Inside, they are worried. They explain that ” the heart of our problem is the lack of closure of our systems “. Due to the openness of Facebook’s internal systems, the circulation of data available to the network, including users’ personal data, circulates freely everywhere.

With this culture of openness, it is impossible to follow in their footsteps. This difficulty poses a real compliance problem for Facebook, “ therefore, we cannot confidently make policy changes or make external commitments such as ‘we will not use X data for Y purpose’. And yet, this is exactly what regulators expect of us. This increases our risk of errors and misrepresentations “.

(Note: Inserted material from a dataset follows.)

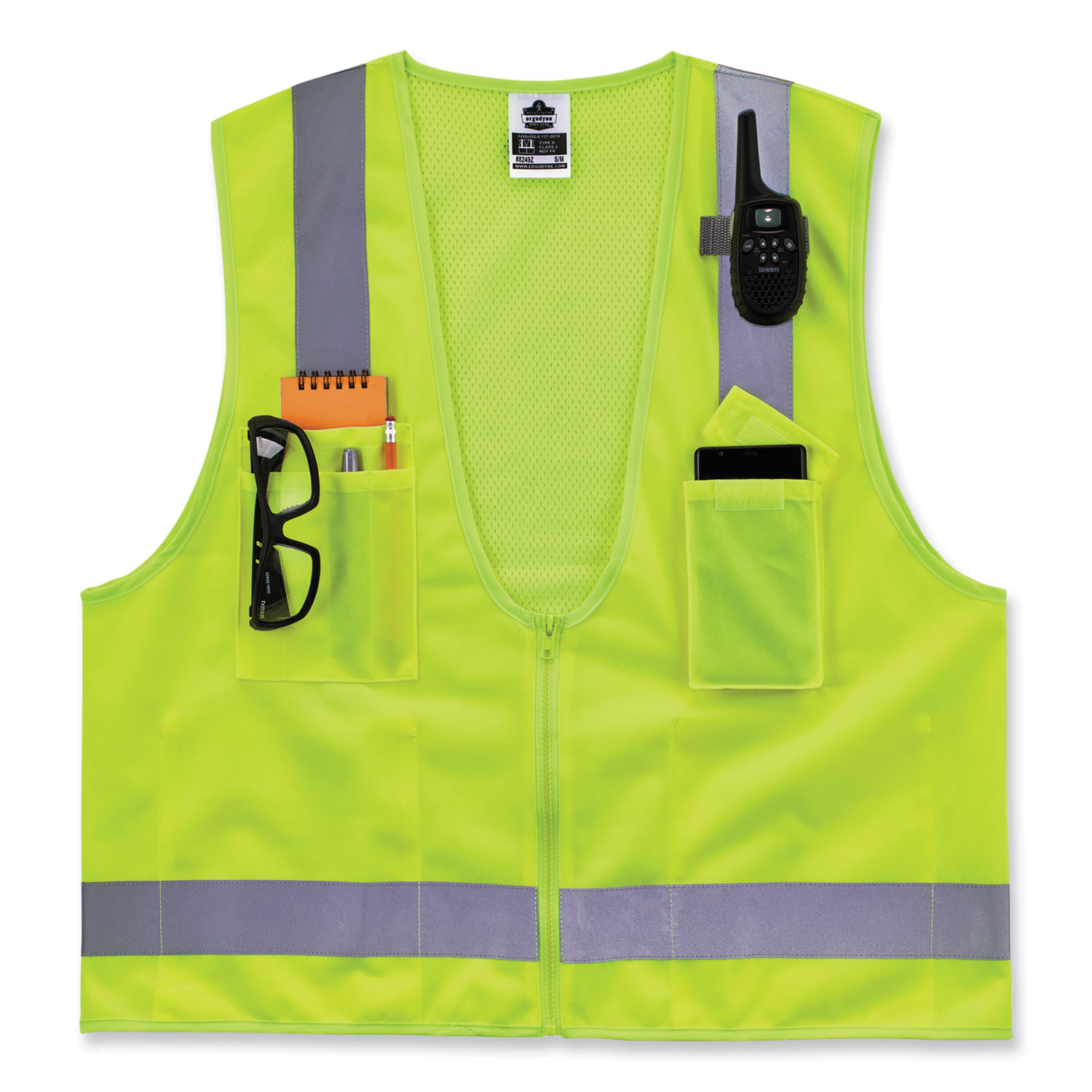The GloWear 8249Z-S Hi-Vis Surveyors Vest is an ANSI 107 Type R, Class 2 vest with a 3.6 oz polyester solid front and breathable 3.3 oz polyester mesh back. This hi-vis vest features 2" reflective tape for enhanced low-light visibility. With two interior and two exterior pockets, including a cell phone chest pocket, this vest provides ample storage for pens, notebooks, tablets and more. A single mic tab allows convenient radio access, and a zipper closure makes for easy on and off. This vest is available in single sizes to allow workers to order their exact size for a more tailored, performance-style fit compared to dual-size vests (tip: for best fit, select one size down from your normal T-shirt size). This reflective safety vest is ideal for anyone requiring Type R, Class 2 apparel. Apparel Type: Safety Vest; Material(s): Polyester; Color(s): Lime; Color Family: Green.

In Europe, the GDPR imposes precisely what Facebook engineers consider themselves unable to do. According to Article 5 of the Regulation, personal data must be ” imported for defined, explicit and legitimate purposes, and not be authorized in a manner incompatible with those purposes “. The “principles relating to the processing of personal data”, Facebook appears unable to apply them.

To change the situation would involve a profound change in the way Facebook operates, a complete culture change. Failure to do so would expose you to prosecution from the European CNIL or even from individuals or associations.

Facebook says there is no compliance issue

A former employee of the company met with Vice that maintaining this situation could be quite cynical of Facebook, ” It gives them an excuse to keep so much data private, simply because at their scale, with their business model and infrastructure design, they can plausibly claim that they don’t know what they have “.

Johnny Ryan, privacy campaigner with the Irish Civil Liberties Council believes that “ This document admits what we have long suspected: that there is a free-for-all of data inside Facebook, and that the company has no control whatsoever over the data it holds “.

Called to react, Facebook explained in essence that the document was taken out of context, “ Considering that this document does not describe our and extensive processes for complying with privacy regulations, it is simply inaccurate to conclude that it demonstrates non-compliance. “. If a CNIL and European justice come to different conclusions, Meta, the parent company of the social network, could risk a fine of 4% of its global turnover.